It's been days since I got back and to be sincere it's been hectic. From one thing to the other, going to and from places I barely had time for myself and in a way I loved it. The adrenaline rush I get from overworking is out of this world. It gets me high whenever I'm exerted. I'm unable to do anything else but pass out on my bed a sweaty mess and resume everything again the next day and the day after. Similar work pattern with more annoying customers with little to no inhibition whatsoever is just about the right amount of icing to top my figurative cake.

If I had known going to Dylan's place three days ago to hangout with him which accidentally was his brother's birthday would led to a series of events that'd act as a catalyst for our breakup I might've stayed at home instead but then again it wasn't like I knew what was going to happen. Actually our looming breakup wasn't caused by my going to his house but his reaction towards me when I had made a complain or rather report about how his sister had indirectly insulted me. It had been a huge blow to the miniscule self esteem I had left and had quenched the fire of hope I had for our relationship.

It's been days now and still nothing from him, no call no message just silence and as each day passes by without a word from him I could feel my heart crack and it was only a matter of time before I breakdown.

My heart couldn't take it anymore and I decided after spending years of deliberating to reach out to him, coming up with countless excuses as to why he hadn't contacted me. I had even gone as far as decieving myself into believing he was planning a big way to apologize, as if, that'll only happen in my dreams which I've been having a lot of I'm too embarrassed to admit.

"Ring ring", I waited with bated breath but all I was met with was silence, deafening silence. This went on for as long as it took me to remember my self-respect. But self-respect, self-esteem and pride were nothing if it means saving my relationship but then again what will be will be regardless of how hard I tried.
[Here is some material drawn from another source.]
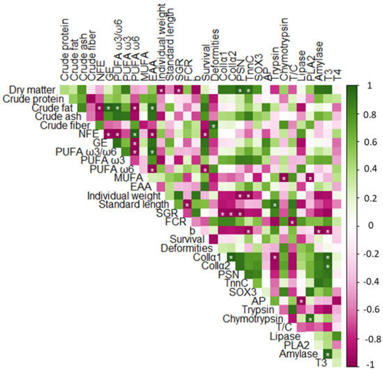 Visual representation of bivariate correlation matrix showing the association between dietary nutritive value, including dry matter percent (%), crude protein %, crude fat %, crude ash %, crude fiber %, nitrogen free extract (NFE) %, gross energy (GE, MJ × kg−1), polyunsaturated fatty acid (PUFA) ω3/ω6 ratio, PUFA ω3 %, PUFA ω6 %, monounsaturated fatty acid (MUFA) % and essential amino acid (EAA) %, and fish performance indicators, including individual weight (mg), standard length (mm), specific growth rate (SGR, % × day−1), feed conversion ratio (FCR), allometric coefficient (b), survival %, deformity %, mRNA expression level of collagen type I, α1 (ColIα1), ColIα2, periostin (PSN), troponin C (TnnC), SRY-box transcription factor 3 (SOX3), specific activities of alkaline phosphatase (AP, μU ×mg−1 of protein), trypsin (μU × mg−1 of protein), chymotrypsin (μU × mg−1 of protein), trypsin to chymotrypsin activity ratio (T/C), lipase (μU × mg−1 of protein), phospholipase (PLA2, activity (nmol ×min−1) ×mg−1 of protein) and amylase (maltose released (mmol × min−1) × mg−1 of protein), as well as the level of thyroid hormones tri-iodothyronine (T3, ng × mg−1 of protein) and thyroxine (T4, ng × mg−1 of protein). * indicates significant correlations (p < 0.05).

"Hello". I was jolted out of my chaotic mind and was brought back to the present and for a moment I was quiet, scrambling in my head for what to say.

" Hello?", The voice on the other side called a little impatient but calm, annoyingly calm.

Didn't he feel anything? Wasn't he heartbroken? Was was….. I just couldn't accept the fact that he was unaffected with the way things are between us.

I hated how he makes me feel things and yet shows little to no emotion whatsoever to indicate something, anything.

"Where are you? I'm coming to your place", I asked as I held my breath expectantly, hoping he would take the hand I offered him.

*Don't come, besides I'm going out, actually I'm not at home", he stated flatly with no emotions.

" I… what of my cloth and when should I bring your money that's with me?", Were the words I blurted out. I guess I had little pride left I wanted to savage.

" I'll let you know when to come", he said before ending the call.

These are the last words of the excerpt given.